BEGIN

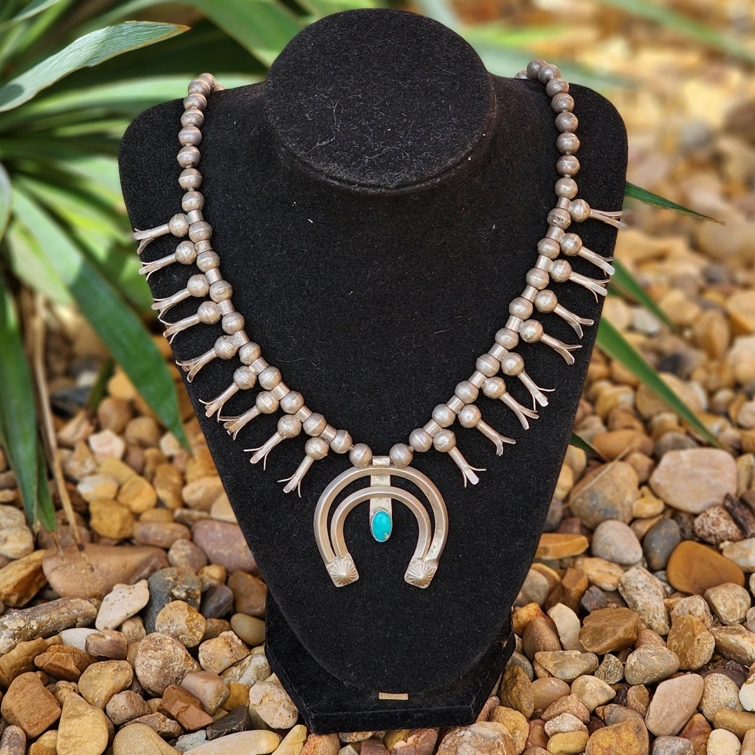 If you are looking for a vintage piece for your collection look no further. This 1940’s squash blossom is perfection. The 1 turquoise stone is all this piece needs. The blossoms and beads are stunning.
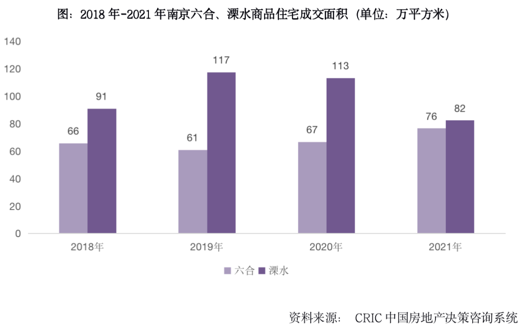 南京,相比蘇州而言本次政策更多的是試水和信號意義。2019年六合已放開大專以上學歷落戶,2021年六合和溧水落戶政策也均有放開,在實際購房操作上已不需要社保要求。從數據上來看,溧水和六合商品住宅成交分別于2019年和2021年達到規模高點,需求已提前釋放。同時本次政策并不包含購買力更好、市場較佳的江北新區覆蓋區域。因此本次放寬外地戶籍在兩區購房對后續新房成交提振余量有限。
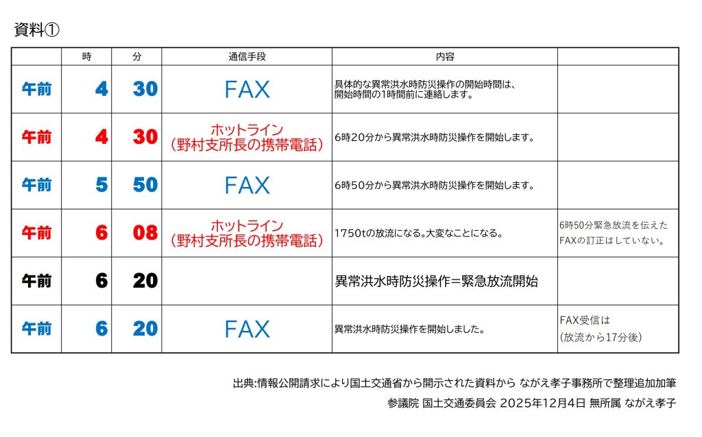 ①大雨でダムの異常洪水時防災操作を行う際の自治体への公式伝達ルートは、どういった手段で統一されているか?

END

Exercise prompt:
Once the pictures are removed, output the remaining material exactly.

Exercise answer:
 If you are looking for a vintage piece for your collection look no further. This 1940’s squash blossom is perfection. The 1 turquoise stone is all this piece needs. The blossoms and beads are stunning.
 南京,相比蘇州而言本次政策更多的是試水和信號意義。2019年六合已放開大專以上學歷落戶,2021年六合和溧水落戶政策也均有放開,在實際購房操作上已不需要社保要求。從數據上來看,溧水和六合商品住宅成交分別于2019年和2021年達到規模高點,需求已提前釋放。同時本次政策并不包含購買力更好、市場較佳的江北新區覆蓋區域。因此本次放寬外地戶籍在兩區購房對后續新房成交提振余量有限。
 ①大雨でダムの異常洪水時防災操作を行う際の自治体への公式伝達ルートは、どういった手段で統一されているか?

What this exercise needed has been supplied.